▼▼▼

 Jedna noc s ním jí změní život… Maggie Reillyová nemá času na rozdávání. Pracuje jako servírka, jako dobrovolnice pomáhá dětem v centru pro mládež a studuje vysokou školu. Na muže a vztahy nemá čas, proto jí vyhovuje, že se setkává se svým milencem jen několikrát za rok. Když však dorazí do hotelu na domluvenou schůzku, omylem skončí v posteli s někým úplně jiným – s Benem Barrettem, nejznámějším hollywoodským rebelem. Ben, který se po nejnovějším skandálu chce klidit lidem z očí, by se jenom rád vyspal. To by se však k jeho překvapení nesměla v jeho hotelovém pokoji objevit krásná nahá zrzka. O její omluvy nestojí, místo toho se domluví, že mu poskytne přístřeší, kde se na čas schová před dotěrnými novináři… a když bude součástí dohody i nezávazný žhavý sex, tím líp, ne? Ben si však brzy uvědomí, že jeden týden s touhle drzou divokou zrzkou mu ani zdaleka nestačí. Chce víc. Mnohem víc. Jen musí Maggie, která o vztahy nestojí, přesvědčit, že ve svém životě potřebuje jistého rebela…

▲▲▲
▼▼▼

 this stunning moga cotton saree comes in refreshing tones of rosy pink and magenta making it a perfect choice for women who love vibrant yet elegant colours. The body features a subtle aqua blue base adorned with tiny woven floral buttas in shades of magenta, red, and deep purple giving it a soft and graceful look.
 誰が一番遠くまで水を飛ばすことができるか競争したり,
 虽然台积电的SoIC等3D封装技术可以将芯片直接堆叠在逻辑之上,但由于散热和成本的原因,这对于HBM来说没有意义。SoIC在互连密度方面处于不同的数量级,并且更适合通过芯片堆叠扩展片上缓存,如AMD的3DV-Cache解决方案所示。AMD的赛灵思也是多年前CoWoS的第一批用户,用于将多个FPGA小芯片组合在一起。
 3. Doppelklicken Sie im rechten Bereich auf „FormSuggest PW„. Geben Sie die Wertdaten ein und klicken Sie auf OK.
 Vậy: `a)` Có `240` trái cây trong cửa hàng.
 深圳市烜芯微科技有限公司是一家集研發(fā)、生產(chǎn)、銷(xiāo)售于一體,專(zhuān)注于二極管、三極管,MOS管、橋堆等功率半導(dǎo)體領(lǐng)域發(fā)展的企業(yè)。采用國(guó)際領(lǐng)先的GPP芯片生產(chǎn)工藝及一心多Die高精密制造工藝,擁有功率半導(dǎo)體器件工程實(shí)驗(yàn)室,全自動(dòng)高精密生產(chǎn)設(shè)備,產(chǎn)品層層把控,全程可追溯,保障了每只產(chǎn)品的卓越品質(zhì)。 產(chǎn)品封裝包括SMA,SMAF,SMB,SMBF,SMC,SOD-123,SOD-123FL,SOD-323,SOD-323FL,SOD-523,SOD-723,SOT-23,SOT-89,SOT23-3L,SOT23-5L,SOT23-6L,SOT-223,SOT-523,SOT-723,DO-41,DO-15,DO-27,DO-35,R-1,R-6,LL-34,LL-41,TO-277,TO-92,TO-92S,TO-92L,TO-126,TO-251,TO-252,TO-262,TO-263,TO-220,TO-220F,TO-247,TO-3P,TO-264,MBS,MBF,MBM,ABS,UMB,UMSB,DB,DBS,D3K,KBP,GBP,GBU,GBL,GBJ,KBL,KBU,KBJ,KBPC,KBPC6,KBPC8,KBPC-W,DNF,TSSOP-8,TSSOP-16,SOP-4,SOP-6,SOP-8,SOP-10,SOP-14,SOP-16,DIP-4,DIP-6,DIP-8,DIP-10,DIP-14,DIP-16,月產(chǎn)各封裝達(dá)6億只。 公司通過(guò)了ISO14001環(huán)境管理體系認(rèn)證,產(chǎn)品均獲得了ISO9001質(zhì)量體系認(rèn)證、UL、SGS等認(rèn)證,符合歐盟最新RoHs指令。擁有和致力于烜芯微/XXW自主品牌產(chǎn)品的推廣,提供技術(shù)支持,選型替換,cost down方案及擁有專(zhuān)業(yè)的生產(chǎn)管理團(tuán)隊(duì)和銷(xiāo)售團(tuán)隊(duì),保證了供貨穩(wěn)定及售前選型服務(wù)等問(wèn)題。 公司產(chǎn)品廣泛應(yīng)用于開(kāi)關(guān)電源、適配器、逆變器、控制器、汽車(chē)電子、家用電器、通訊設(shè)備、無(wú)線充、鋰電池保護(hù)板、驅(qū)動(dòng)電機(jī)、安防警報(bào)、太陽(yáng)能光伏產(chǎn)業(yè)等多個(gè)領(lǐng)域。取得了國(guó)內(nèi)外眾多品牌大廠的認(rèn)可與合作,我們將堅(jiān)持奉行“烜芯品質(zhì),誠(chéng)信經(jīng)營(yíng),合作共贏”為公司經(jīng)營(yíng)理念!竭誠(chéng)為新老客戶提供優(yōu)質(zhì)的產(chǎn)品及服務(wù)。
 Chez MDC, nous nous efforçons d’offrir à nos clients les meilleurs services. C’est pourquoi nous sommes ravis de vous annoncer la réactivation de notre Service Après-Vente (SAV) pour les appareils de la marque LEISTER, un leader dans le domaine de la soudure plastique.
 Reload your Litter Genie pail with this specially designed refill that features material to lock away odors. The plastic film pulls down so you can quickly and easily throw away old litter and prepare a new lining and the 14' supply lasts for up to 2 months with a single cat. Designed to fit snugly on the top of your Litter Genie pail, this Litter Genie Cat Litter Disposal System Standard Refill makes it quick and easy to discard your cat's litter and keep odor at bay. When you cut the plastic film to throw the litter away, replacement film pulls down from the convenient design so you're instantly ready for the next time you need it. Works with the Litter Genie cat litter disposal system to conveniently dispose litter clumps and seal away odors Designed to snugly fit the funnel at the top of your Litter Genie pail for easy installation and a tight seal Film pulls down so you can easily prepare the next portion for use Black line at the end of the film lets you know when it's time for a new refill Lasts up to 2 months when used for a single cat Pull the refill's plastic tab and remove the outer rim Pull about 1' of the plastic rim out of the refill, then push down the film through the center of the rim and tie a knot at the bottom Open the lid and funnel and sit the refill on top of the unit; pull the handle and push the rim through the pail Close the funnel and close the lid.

▲▲▲

With the first line being the one containing "3. Doppelklicken Sie" and the last line the one containing "trong cửa hàng.", transcribe exactly the lines above that fall in that range.

 3. Doppelklicken Sie im rechten Bereich auf „FormSuggest PW„. Geben Sie die Wertdaten ein und klicken Sie auf OK.
 Vậy: `a)` Có `240` trái cây trong cửa hàng.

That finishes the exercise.